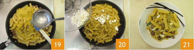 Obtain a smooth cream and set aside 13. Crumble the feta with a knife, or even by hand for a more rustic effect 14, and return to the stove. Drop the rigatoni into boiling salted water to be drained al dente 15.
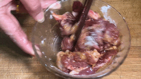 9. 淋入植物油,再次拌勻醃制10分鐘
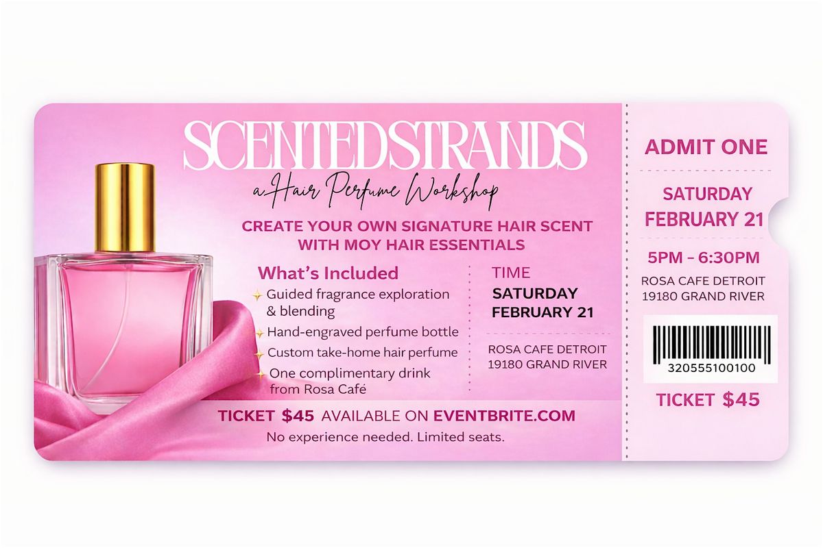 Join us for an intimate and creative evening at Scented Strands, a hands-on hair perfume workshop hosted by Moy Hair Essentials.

═══

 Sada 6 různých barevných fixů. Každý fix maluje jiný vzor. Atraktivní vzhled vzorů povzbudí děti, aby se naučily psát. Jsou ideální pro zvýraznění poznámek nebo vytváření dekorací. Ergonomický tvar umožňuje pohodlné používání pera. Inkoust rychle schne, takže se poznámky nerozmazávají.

═══

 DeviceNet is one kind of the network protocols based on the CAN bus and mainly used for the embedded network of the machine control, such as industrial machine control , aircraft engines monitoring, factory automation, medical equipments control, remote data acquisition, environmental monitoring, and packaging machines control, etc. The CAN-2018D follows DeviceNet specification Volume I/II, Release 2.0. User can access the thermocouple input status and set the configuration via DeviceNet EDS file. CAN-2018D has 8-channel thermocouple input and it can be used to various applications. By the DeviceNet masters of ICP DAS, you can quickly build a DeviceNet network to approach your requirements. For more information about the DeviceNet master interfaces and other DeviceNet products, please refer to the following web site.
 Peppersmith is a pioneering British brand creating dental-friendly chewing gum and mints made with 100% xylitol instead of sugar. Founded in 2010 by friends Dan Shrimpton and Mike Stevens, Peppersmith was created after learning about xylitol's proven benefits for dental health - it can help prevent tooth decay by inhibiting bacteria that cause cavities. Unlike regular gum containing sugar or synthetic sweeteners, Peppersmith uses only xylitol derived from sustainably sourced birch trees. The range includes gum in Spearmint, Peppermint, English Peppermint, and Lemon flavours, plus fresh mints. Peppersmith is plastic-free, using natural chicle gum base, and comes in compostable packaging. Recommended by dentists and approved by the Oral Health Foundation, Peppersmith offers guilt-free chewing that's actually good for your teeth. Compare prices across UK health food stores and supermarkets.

═══

== Task objective ==
Above are some entries; copy exactly the lines from the line with "Obtain a smooth" through the line with "Join us for", both included, but none of the pictures.

== Output of the task ==
 Obtain a smooth cream and set aside 13. Crumble the feta with a knife, or even by hand for a more rustic effect 14, and return to the stove. Drop the rigatoni into boiling salted water to be drained al dente 15.
 9. 淋入植物油,再次拌勻醃制10分鐘
 Join us for an intimate and creative evening at Scented Strands, a hands-on hair perfume workshop hosted by Moy Hair Essentials.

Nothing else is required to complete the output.